The accompanying notes are an integral part of these financial statements.


<PAGE>



                       SVI HOLDINGS, INC. AND SUBSIDIARIES
                   NOTES TO CONSOLIDATED FINANCIAL STATEMENTS
                                (Unaudited)

Note A - Organization and Basis of Preparation

The accompanying consolidated financial statements have been prepared from the
unaudited records of SVI Holdings, Inc. and subsidiaries. In the opinion of
management, all adjustments necessary to present fairly the financial position,
results of operations and cash flows at June 30, 1999 and for all the periods
presented have been made.

Certain information and footnote disclosures normally included in financial
statements prepared in accordance with generally accepted accounting principles
have been condensed or omitted.

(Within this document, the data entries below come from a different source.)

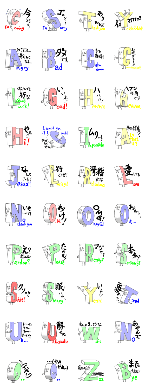 人面アルファベッツ 東大Stamp同好会(チームTAckY) コメントをどうぞ 愉快なアルファベット達が日常会話をしてくれるよ。英単語の勉強にもなるよ。 このスタンプどう思う?!↓クリックで投票♪好き (0)かわいい (0)かっこいい (0)おもしろい (0)使いやすそう (0)欲しい (0)萌え (0)ほっこりする (0)おしゃれ (0)ゆるい (0)こわい (0)ウザい (0)キモい (0)ムカつく (0)持ってる (0)癒される (0)セクシー (0)個性的 (0)私は買わない (0)誰かプレゼントして! (0) 購入・プレゼントする Facebookでシェア Twitterでシェア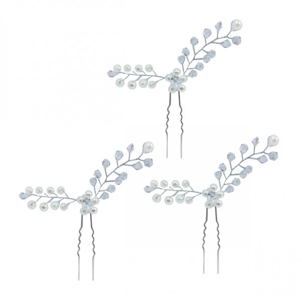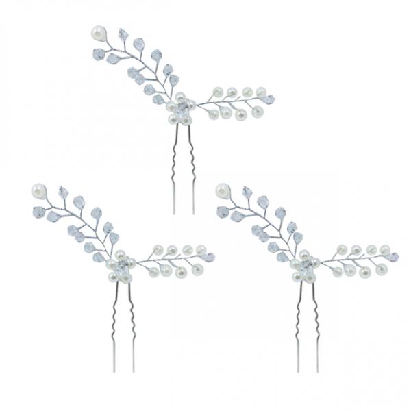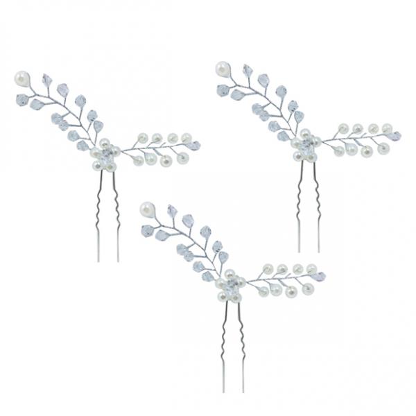 3pcs Wedding Bridal Crystal Rhinestone Faux Pearl Wheat Hair Pin Clips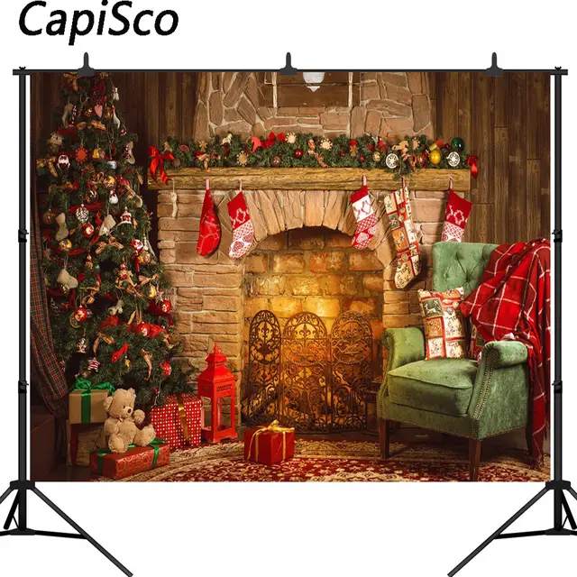Us 144 28 Offindoor Fireplace Merry Christmas Photo Background Printed Xmas Tree Toy Bear Gifts Chair Kids New Year Photography Backdrops In
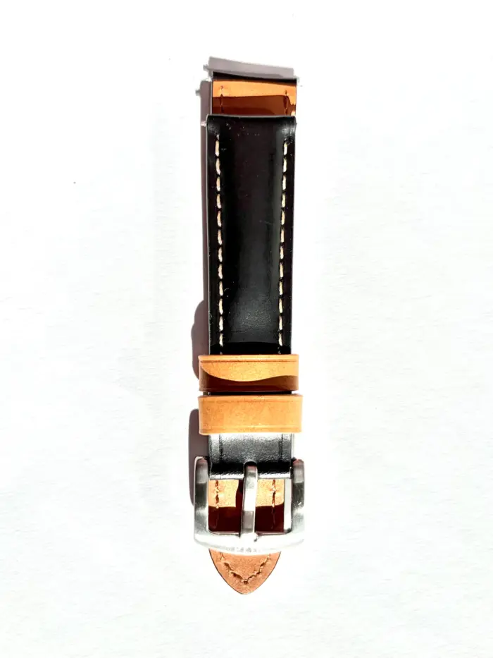 The strap is of course made of genuine leather, sewn and sealed by hand.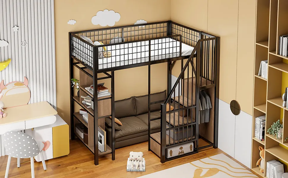 Design & styleCe lit mezzanine noir présente un style minimaliste et fonctionnel, conçu pour maximiser l’espace dans les logements compacts. L’association d’une structure métal et de panneaux en bois offre une silhouette contemporaine et sobre, adaptée à différents intérieurs sans surcharger la pièce.Fonctionnalités & rangement Escalier coffre stable avec marches servant de rangements pratiques pour chaussures, livres ou petits objets. Grand espace libre sous le lit pouvant être aménagé en bureau, coin lecture, coin TV ou zone de rangement selon les besoins. Plusieurs compartiments intégrés pour une organisation optimisée et un gain de place évident.Matériaux & entretienStructure en métal associée à des panneaux en contreplaqué et MDF pour une bonne stabilité et durabilité. Surfaces faciles à nettoyer avec un chiffon doux et un produit non abrasif. Conception adaptée à un usage quotidien tout en conservant une apparence soignée.Dimensions & caractéristiquesCouchage 90×200 cm. Dimensions totales : 204x143x170 cm. Poids total du produit : 76 kg. Poids colisé : 82 kg. Nombre de lattes : 20. Épaisseur de matelas recommandée : 8–10 cm. Capacité de charge indiquée : 114 kg.Montage & livraisonMontage complet requis, temps estimé 2 heures avec deux personnes recommandées. Produit livré en 3 colis pouvant arriver séparément. Outillage de base fourni ; évitez l’utilisation d’outils électriques pour préserver les éléments de fixation.

Accounting policies followed by the Company are
described in the notes to the financial statements in its Annual Report on Form
10-KSB for the year ended March 31, 1999. The financial information included in
this quarterly report should be read in conjunction with the consolidated
financial statements and related notes thereto in the Company's Form 10-KSB for
the year ended March 31, 1999.

The results of operations for the three months ended June 30, 1999 and 1998 are
not necessarily indicative of the results to be expected for the full year.

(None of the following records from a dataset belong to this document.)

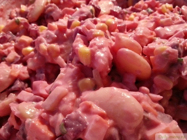 свекла, кукуруза консервы, яйцо куриное, сметана 10,0% жирности, сливки, 10,0% жирности, огурец грунтовый, крабовые палочки, фасоль белая "лима", семга слабосоленая , лук зеленый, горчица столовая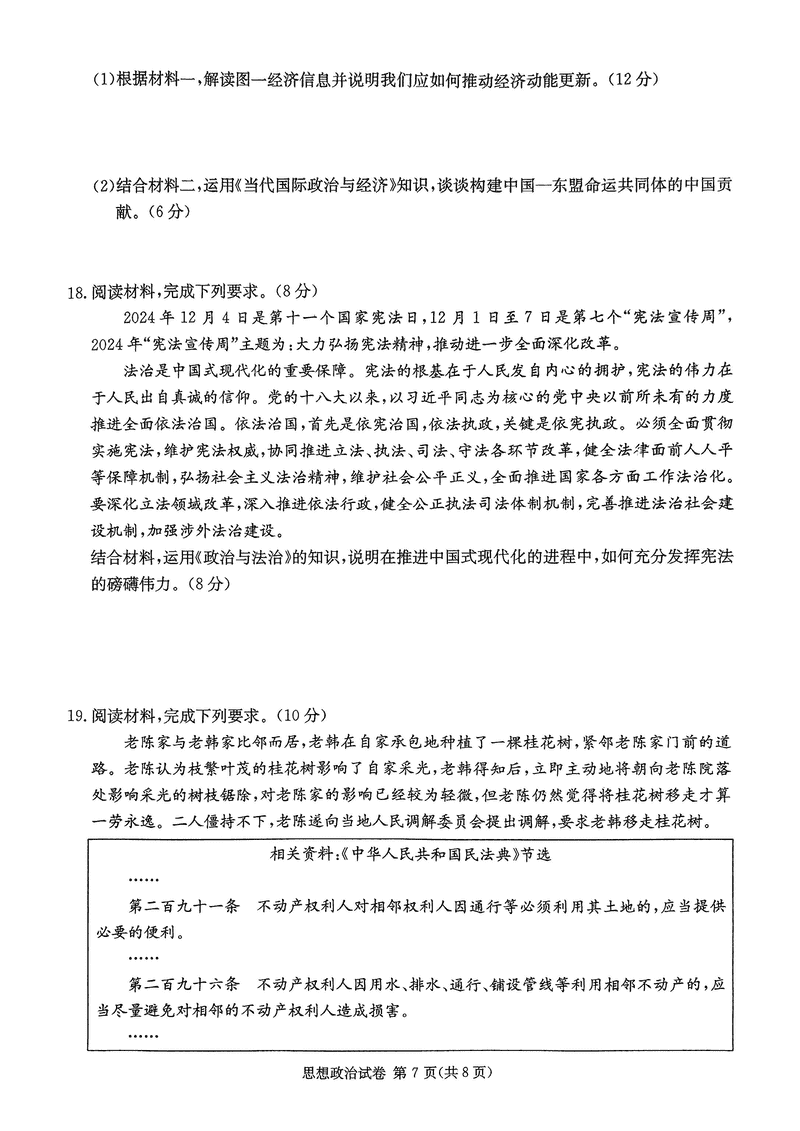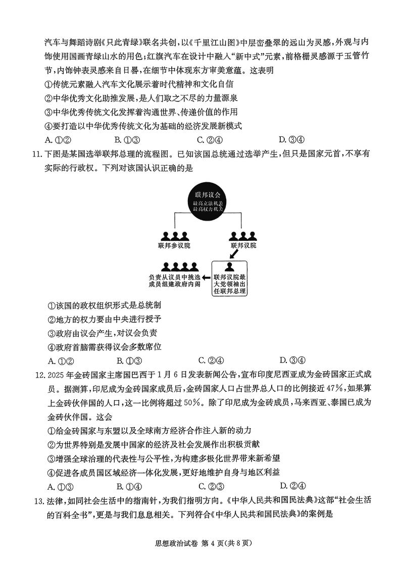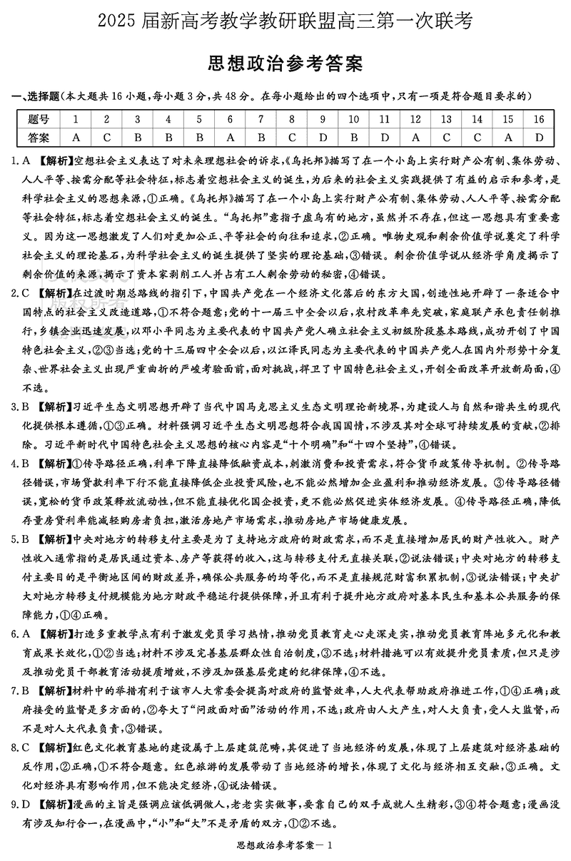 湖南省新高考教学教研联盟2025届第一次联考政治试题及答案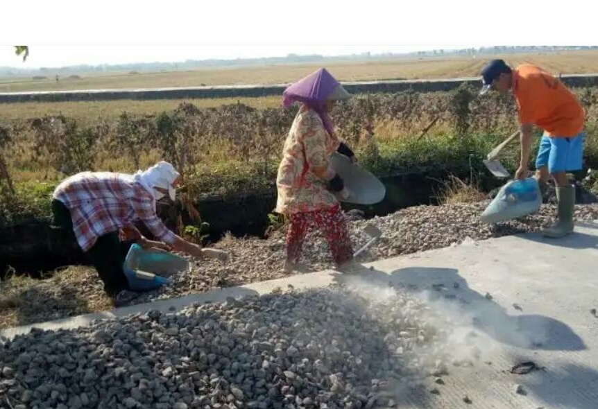 Suyati dengan Ny Siti (35), tampak begitu giat mengumpulkan pasir batu yang akan digunakan untuk mengecor jalan. Dengan menggunakan alat manual berupa cangkul dan serok, pasir batu mereka kumpulkan dan dipindahkan ke ruas jalan yang dipersiapkan akan dicor.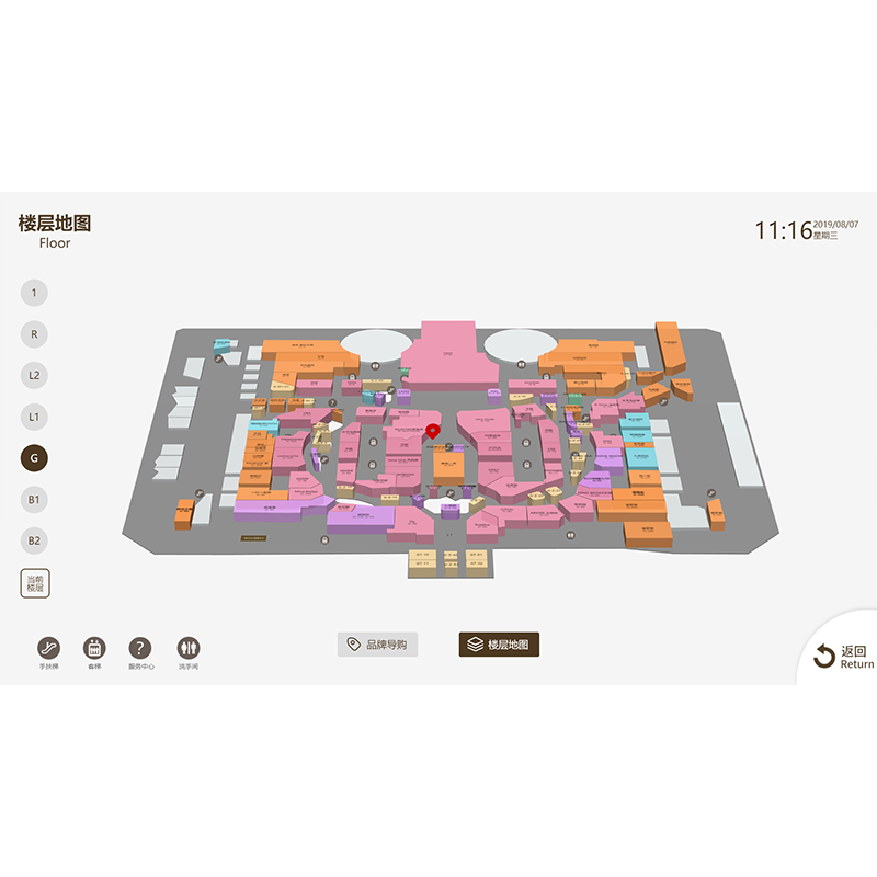 恩腾商场导航软件标识导向路线图自助查询楼层地图导航终端一体机系统商场地下室停车场导航软件 楼层索引机 定制款横屏 自营

Note B - Acquisitions and Related Parties

Effective April 1, 1999, the Company acquired Island Pacific Systems Corporation
("Island Pacific"), a California corporation, for $35 million cash. The Company
also entered into three-year non-compete agreements with some of Island
Pacific's principals. The acquisition was funded by cash on hand; cash acquired
from the sale of IBIS Systems Ltd.; approximately $4 million paid by Softline
Ltd., a majority stockholder, upon exercise of options; a $2.3 million loan from
Claudav Holdings Ltd., B.V., a major stockholder, with no stated maturity date
and with interest at prime rate; and two bank loans. The first bank loan is in
the amount of $15 million with interest-only payments at the bank's prime rate
plus .25% for the first six months, convertible thereafter to a fully-amortizing
two-year loan. The second loan is in the amount of $3.5 million and is a fully
amortizing two-year loan with interest at the bank's prime rate plus .50%.

Island Pacific, founded in 1977, is based in Irvine, California, and develops
and markets retail industry merchandising and management software systems.
Island Pacific's software automates the full scope of a retailer's operations
from inventory planning and purchasing through distribution and final sale of
goods. Island Pacific's products have been licensed to over 245 clients
worldwide.

The Company is in the process of determining the appropriate values to be
assigned to the assets acquired and liabilities assumed in the acquisition of
Island Pacific. Accordingly, the Company's estimate of these values are subject
to revision upon the completion of the Company's evaluation which may result in
an adjustment to the current values assigned to such assets and liabilities.

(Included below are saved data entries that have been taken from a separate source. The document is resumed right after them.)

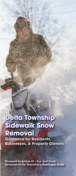 With Snow just around the corner, Delta Township property owners are reminded that they need to make arrangements to clear the snow and ice from sidewalks adjacent to their property. Section 34-92 of the Delta Township Code of Ordinances requires that snow and ice be removed from the sidewalk within 24 hours of a snowfall. The code applies even if the property is vacant or the building on the premises is unoccupied.
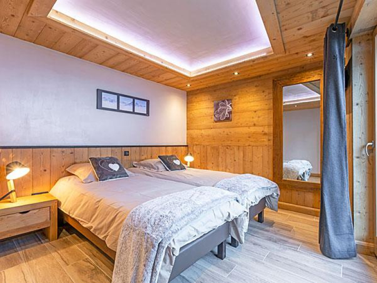 Rez-de-chaussée : L'entrée principale du chalet se trouve sur ce niveau. Il y en a une chambre à 2 personnes avec 2 lits simples rapprochables de 90 x 200 cm ; une chambre avec 3 lits simples de 90 x 200 cm. Chaque des deux dispose de sa salle de bain en suite, avec douche, lavabo et wc.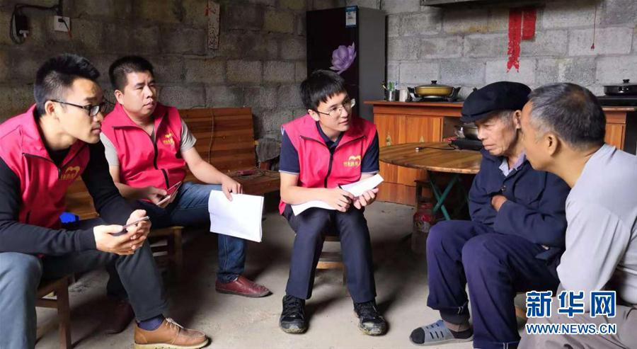 廣西田東縣作登瑤族鄉隴那村駐村第一書記李宇翔(左三)在走訪貧困戶(資料照片)。 新華社發
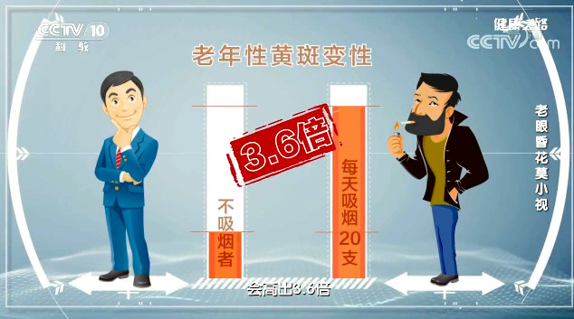吸煙是導(dǎo)致老年性黃斑變性的危險因素之一。29%的老年性黃斑變性是由吸煙引起的,每天吸煙20支以上的人,患老年性黃斑變性的概率比不吸煙的人群高出3.6倍!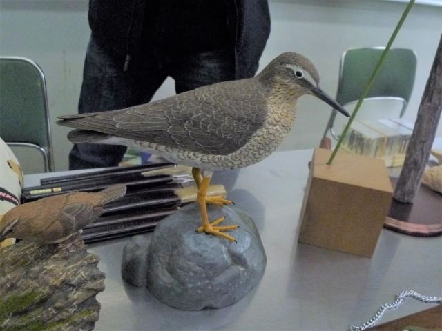 イソシギ(カービング) 実物大 よく出来てますね(紀の川ホール講演)

The following unaudited pro forma consolidated results of continuing operations
for the quarter ended June 30, 1998 assume the Island Pacific acquisition
occurred as of April 1, 1998. The pro forma results are not necessarily
indicative of the actual results that would have occurred had the acquisition
been completed as of the beginning of the period presented, nor are they
necessarily indicative of future consolidated results.

                                                        Quarter ended
                                                        June 30, 1998
                                                        --------------

         Total revenues                                 $    7,955,339
         Net income                                     $      623,991
         Basic earnings per share                       $         0.02
         Diluted earnings per share                     $         0.02

<PAGE>


Note C - Discontinued Operations

Effective January 1, 1999, the Company sold its United Kingdom operations, IBIS
Systems Ltd. ("IBIS"), for cash proceeds of $2,250,000, surrender of Company
common stock valued at $2,142,000 and a note receivable of $13,608,000. The
sale, which was recorded in the year ended March 31, 1999, resulted in a gain of
$274,055, net of applicable income taxes of $753,043. Accordingly, the results
of operations of IBIS for the three months ended June 30, 1998 are restated as
discontinued operations.


Note D - Treasury Stock

In November 1998, the Board of Directors authorized the Company to purchase up
to 1,000,000 shares of its common stock in the open market or in private
transactions during the eighteen months following such authorization. During the
quarter ended June 30, 1999, the Company acquired 95,000 shares in connection
with the sale of IBIS. The transaction was recorded at cost. As of June 30,
1999, the Company has 225,400 shares of its common stock.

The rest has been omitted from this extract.